Ruger press release. Other firearms manufacturer's stocks are also up.....

http://www.outdoorhub.com/news/ruger-on-pace-to-set-new-record-for-firearms-produced-in-a-year-two-years-in-a-row/?utm_source=iContact&utm_medium=email&utm_campaign=Outdoor%20Hub%20News&utm_content=August+21%2C+2012+Ruger


----------



## youngdon (Mar 10, 2010)

That is a huge accomplishment not only for Ruger but for the firearms industry and gun owners everywhere. I wish manufacturers would give a discount to NRA or other gun rights organizations members or those who become members when purchasing a gun.


----------



## 220swift (Mar 2, 2011)

You right Don, it would help drive sales and memberships both.....


----------



## Rick Howard (Feb 25, 2012)

I can tell you one fella who has yet to jump on the wagon and join the ranks of gun owners. I wonder is he is the only member of the NRA that does not own a firearm? LOL


----------



## 220swift (Mar 2, 2011)

After looking into the stock thing a little more I'm finding that the vast majority of firearms manufactures are privately held companies. So the stock thing maybe over quoted by me and the article.......


----------



## Rick Howard (Feb 25, 2012)

Are weapons manufacturers allowed to be publicly traded companies?


----------



## 220swift (Mar 2, 2011)

Yes, example below.....

http://www.nyse.com/about/listed/lcddata.html?ticker=RGR


----------



## Jonbnks (Jan 21, 2012)

Here are a few public companies that offer stock I've found.
OLIN CORP owns Winchester Stock Sign:OLN
STURM RUGER & COMPANY INC Stock Sign:RGR
SMITH & WESSON HOLDING CORP Stock Sign:SWHC

I might have to show my support to these companies by becoming a statistic and purchasing a couple more firearms.









Taurus :Buy any New Taurus Firearm and receive a Free 1-year Membership to the NRA.


----------



## Ruger (Jan 22, 2011)

I hope that more and more people are seeing the importance of owning a gun. If our people in this nation were armed a lot of thing could change for the better. Our nation needs to be armed and educated about firearms.


----------



## Rick Howard (Feb 25, 2012)

Educated then armed..... They teach archery in schools.
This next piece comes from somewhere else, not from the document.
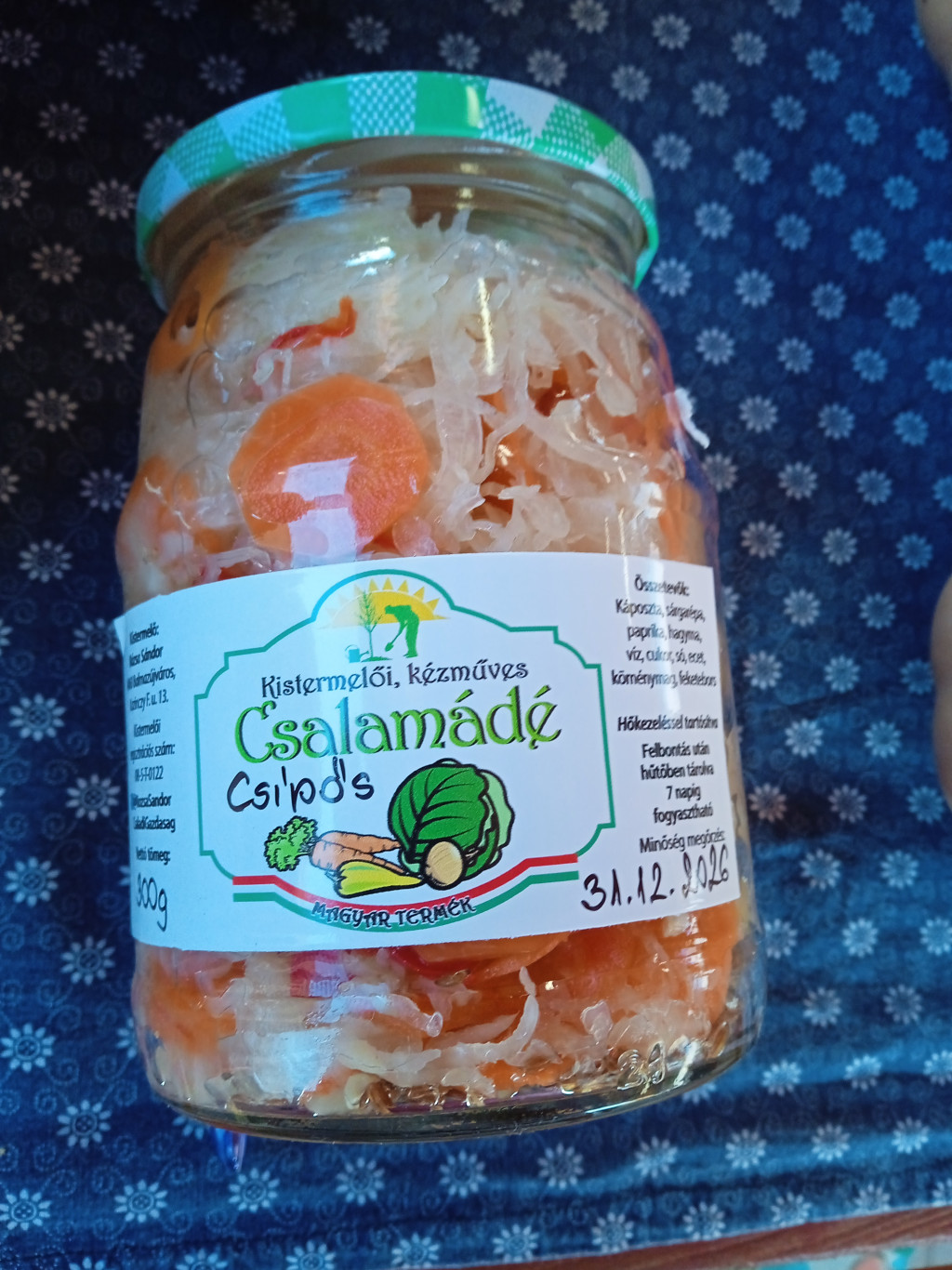 Saját termelésből származó zölségek, kellemesen csípős savanyúságnak készítve.

I think they should teach firearm safety in schools too.


----------



## Rick Howard (Feb 25, 2012)

I thought there were some issues with weapons companies being traded. I could not remember what or if anything came of it. Not sure if it was anything more than media hype but, if I had to bet..... I would bet it was.


----------



## bones44 (Jan 7, 2011)

Glad to hear this Mike. Ruger has donated a lot of money to the NRA for hitting this milestone. The media avoids mentioning any of this because it doesn't sensationalize anything. Anyone notice the Colorado incident has dropped off the radar ? Pretty sad that something new for those clowns to jump on is right around the corner every day. I also heard Ruger quit taking orders for the rest of the year on any special orders or for more models of certain guns just so they can catch up. Pretty wild. Thanks for sharing !


----------



## 220swift (Mar 2, 2011)

The theater shooting still gets a little press here locally. If you guys have not heard, there has been a little over 4 million dollars donated to be slit up between the injured victims and families of the people that died.

The national media is WAY too busy trying to hang the Minnesota Republican that couldn't kept his thoughts and his mouth in sync. That guy is all about himself.

Enough said. 

Despite all the media's negative reporting on firearms, gun purchases continue to rise and will increase by the end of the year. Make the anti's and the State run media crazyLOL...LOL....LOL


----------